## Listed records
□ □ □ □ □

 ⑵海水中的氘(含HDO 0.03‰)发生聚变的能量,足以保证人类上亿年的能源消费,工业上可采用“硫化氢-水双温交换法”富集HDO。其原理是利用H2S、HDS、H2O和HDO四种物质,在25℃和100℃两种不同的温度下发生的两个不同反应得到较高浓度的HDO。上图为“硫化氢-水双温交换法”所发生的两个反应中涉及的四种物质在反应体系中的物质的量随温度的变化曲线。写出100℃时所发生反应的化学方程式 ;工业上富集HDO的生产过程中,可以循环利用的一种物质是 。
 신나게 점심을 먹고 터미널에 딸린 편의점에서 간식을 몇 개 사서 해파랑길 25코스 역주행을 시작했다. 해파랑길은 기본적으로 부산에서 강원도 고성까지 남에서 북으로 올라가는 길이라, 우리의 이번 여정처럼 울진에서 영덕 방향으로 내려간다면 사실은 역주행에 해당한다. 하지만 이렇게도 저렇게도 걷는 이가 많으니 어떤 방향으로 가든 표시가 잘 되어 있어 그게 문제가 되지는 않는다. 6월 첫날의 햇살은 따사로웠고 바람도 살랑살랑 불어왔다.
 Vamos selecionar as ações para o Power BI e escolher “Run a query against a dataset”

□ □ □ □ □

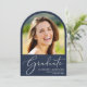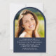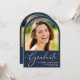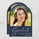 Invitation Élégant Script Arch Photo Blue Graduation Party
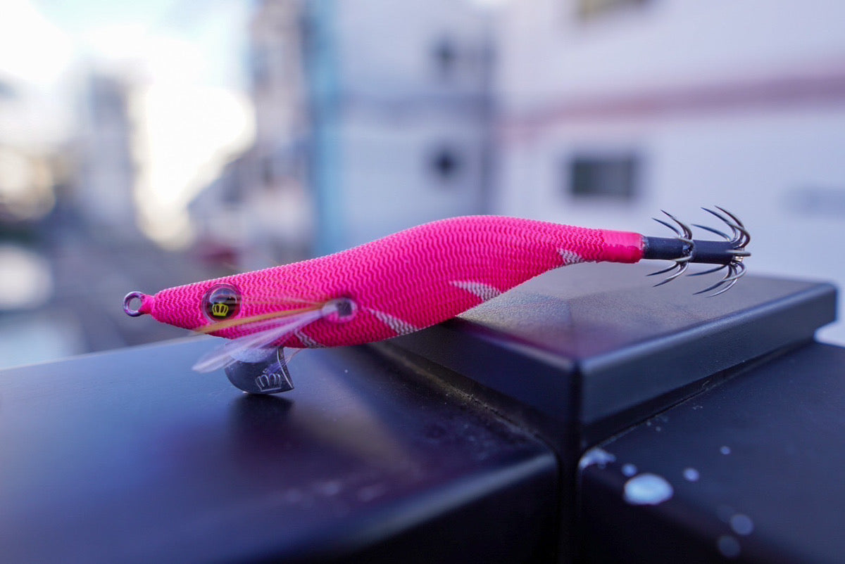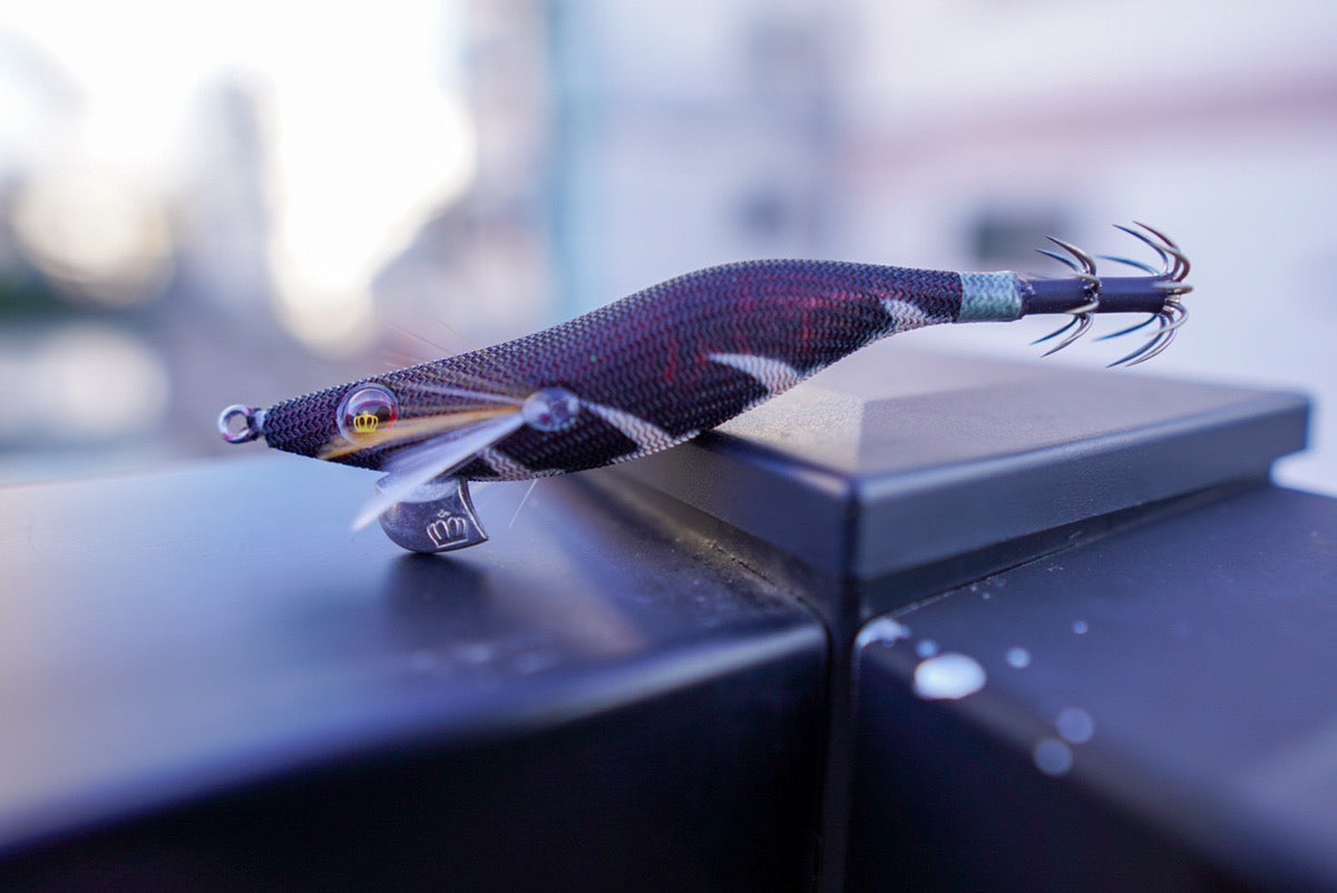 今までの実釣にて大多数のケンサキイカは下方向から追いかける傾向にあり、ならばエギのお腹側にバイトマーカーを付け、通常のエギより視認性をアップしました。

□ □ □ □ □

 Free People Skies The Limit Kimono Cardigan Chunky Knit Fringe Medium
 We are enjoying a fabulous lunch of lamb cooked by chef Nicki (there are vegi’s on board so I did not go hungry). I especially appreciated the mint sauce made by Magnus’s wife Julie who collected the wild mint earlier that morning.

□ □ □ □ □

## Work task
Working from the records above, set down word for word everything from the line containing "Invitation Élégant Script" down to the line containing "今までの実釣にて大多数のケン", ends included, minus the pictures.

## Exercise answer
 Invitation Élégant Script Arch Photo Blue Graduation Party
 今までの実釣にて大多数のケンサキイカは下方向から追いかける傾向にあり、ならばエギのお腹側にバイトマーカーを付け、通常のエギより視認性をアップしました。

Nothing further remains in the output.